Вскоре я позабыл об этом происшествии — ведь в мире, окружающем путешественника, каждую минуту происходит столько нового! Помню только, что когда полчаса спустя рассматривал в гостинице амулет, в памяти у меня всплыла не эта женщина, но две других, оставшихся на дороге, щеки которых были вымазаны чем-то красным. Тогда я спросил у одного из понимавших по-английски тибетских торговцев мехами, расположившихся в холле со своими товарами, чем местные женщины натирают лицо. И он объяснил мне, что это кровь вола, но ею покрывают щеки только вдовы, причем лишь те, кто желает дать понять мужчинам, что не против заключить новый брак.

И вот, пока мы беседовали, прозвучал гонг, напоминающий гостям отеля, что настало время переодеваться к обеду, который будет подан в семь, — ибо даже здесь, на вершине Гималаев, господа выступали по вечерам во фраках или смокингах, а дамы в изысканных, декольтированных туалетах, причесанные так, словно собрались на премьеру в оперу.

Итак, я отправился к себе в номер, где бой как раз растопил камин и орудовал в ванной, наполняя ванну водой.

Ванная имела отдельный выход на тянущуюся вдоль тыльной стены здания галерею. Как только все было готово, тибетец, уронив свое обычное «All right, sir», выскользнул туда.

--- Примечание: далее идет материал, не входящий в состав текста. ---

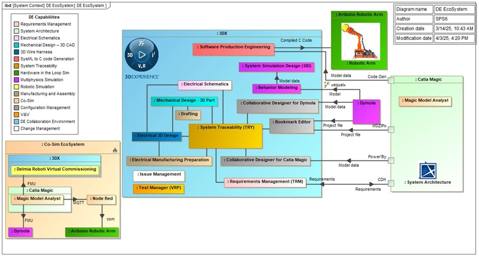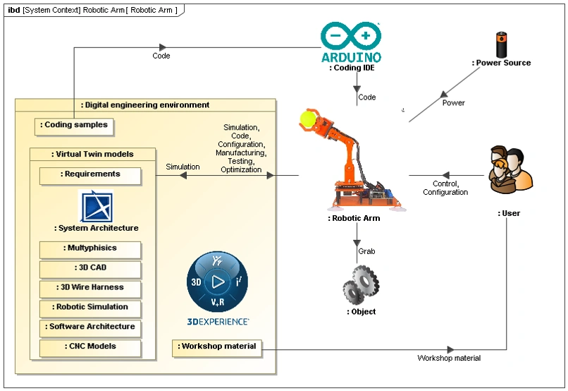 We’re excited to share an innovative project that demonstrates the tangible benefits of Digital Engineering (DE) and Model-Based Systems Engineering (MBSE) through a hands-on example: a highly portable Robotic Arm. This project bridges academia and industry by showcasing the full product lifecycle—systems engineering, design, manufacturing, and validation—using state-of-the-art digital technologies, including the 3DEXPERIENCE platform.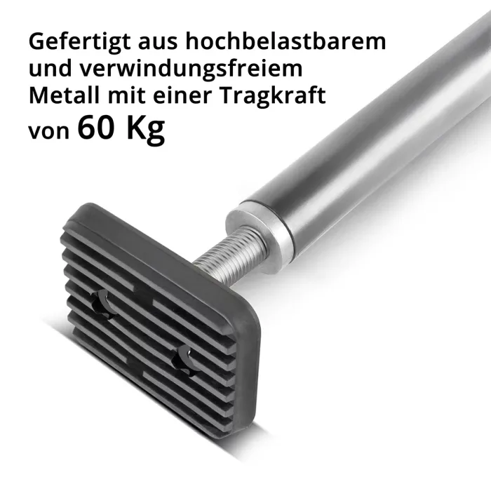 Благодарение на плавно движещ се затягащ лост, опорната плоча и вътрешната тръба могат да се освободят и удължат до желаната дължина, след което отново да се фиксират сигурно. Това позволява на опорния прът да държи различни компоненти стабилно за кратки периоди от време. Идеална е за подравняване и фиксиране на монтажни елементи, преди да бъдат окончателно закрепени. Допустим е максимален ъгъл на наклон от 65° за използване в наклонено положение, с допустимо натоварване от 20 кг.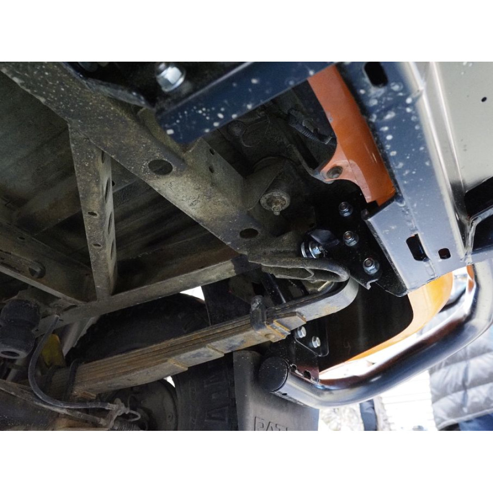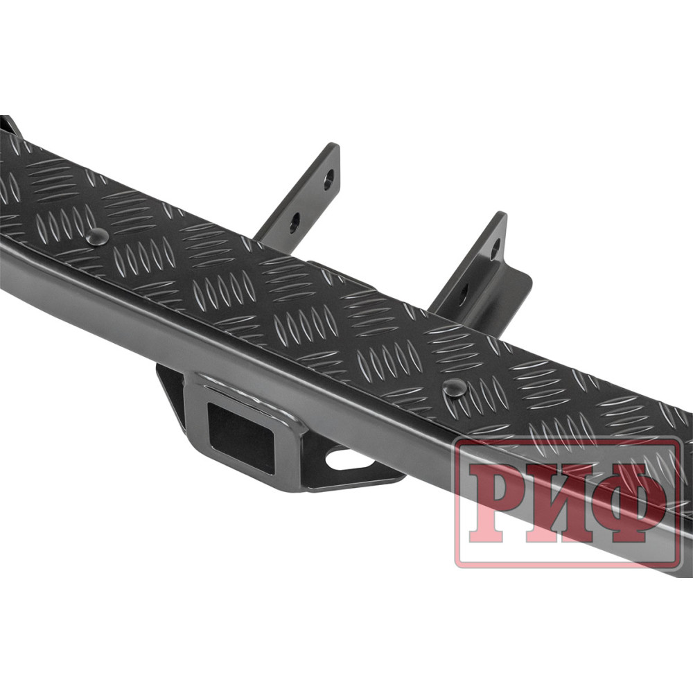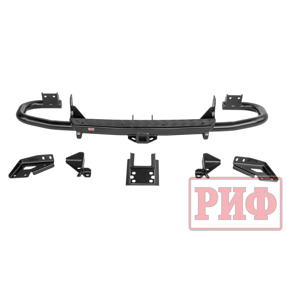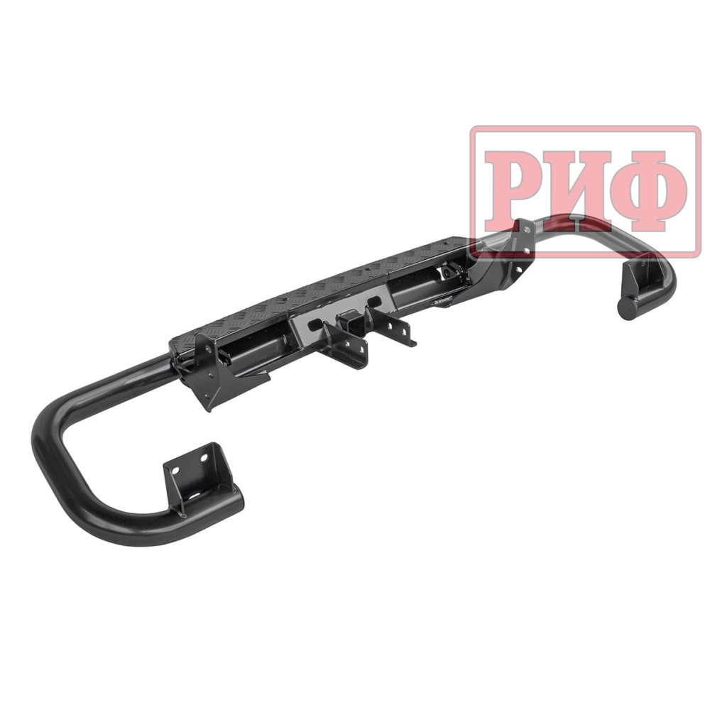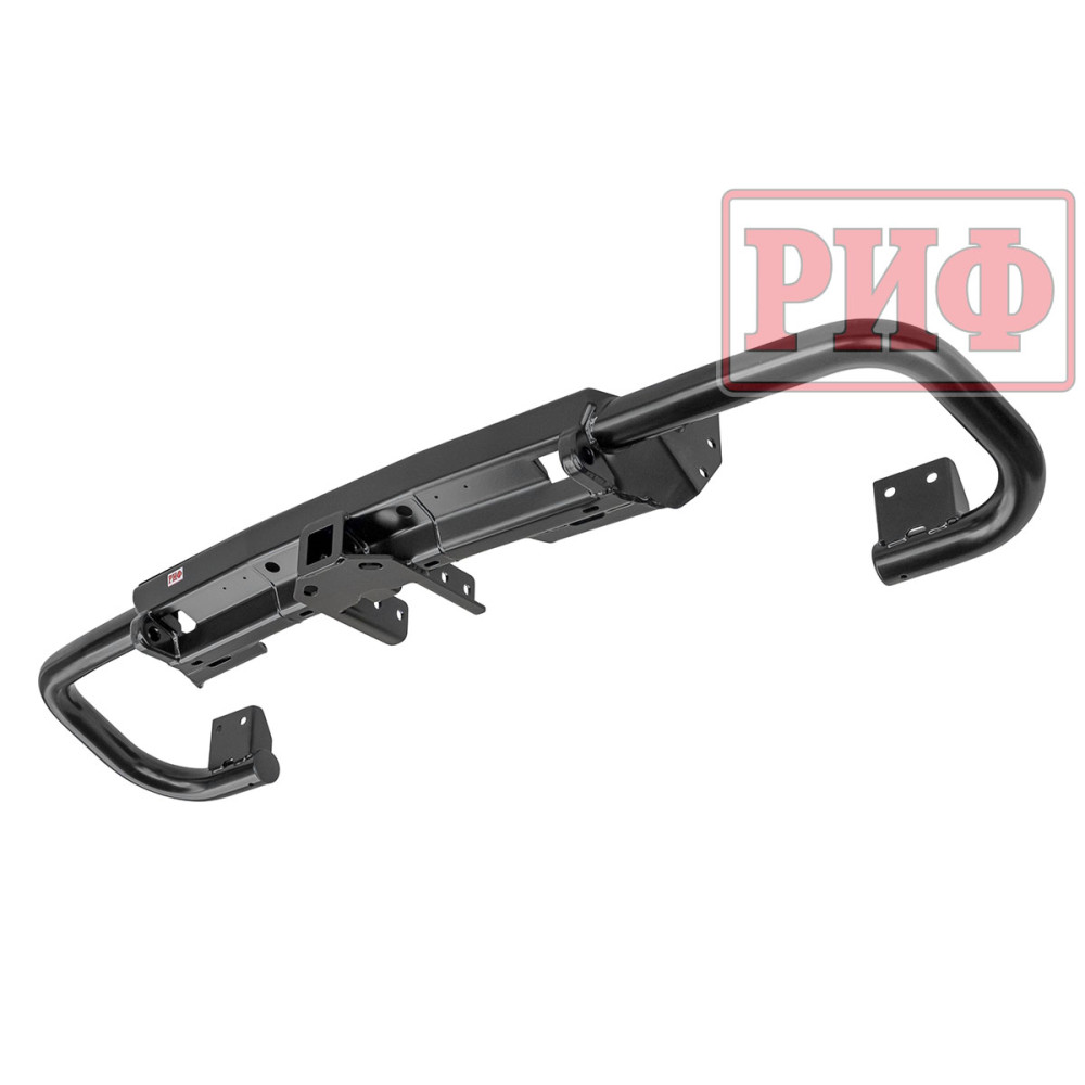 Задний силовой бампер РИФ надежно защитит кузов автомобиля на бездорожье или в городе в случае непредвиденных инцидентов. Бампер оборудован упорами под хай джек и буксирными проушинами для работы с рывковой или буксировочной стропой.

Но не успел я пройти в ванную и сделать пару гимнастических упражнений, как ощутил спиной ледяное дуновение, как если бы кто-то распахнул дверь на галерею. Я крикнул по-английски: «Закройте дверь!» и, чтобы спрятаться от холода, нырнул по шею в горячую воду. Сквозь облако пара я различил чью-то смутную тень и спросил: «Кто здесь?»

Из комнаты в ванную просачивались лишь слабые отблески пылавшего в камине огня, и я с изумлением обнаружил, что маленькая лампочка, которую коридорный оставил на подоконнике, погасла.

Так как на мой дважды повторенный вопрос не последовало никакого ответа, я вынырнул из воды — и в ту же секунду снова ощутил холодное дуновение от двери, которую опять открыли. Однако привидевшаяся мне тень бесследно исчезла. Мне показалось, что это была женщина.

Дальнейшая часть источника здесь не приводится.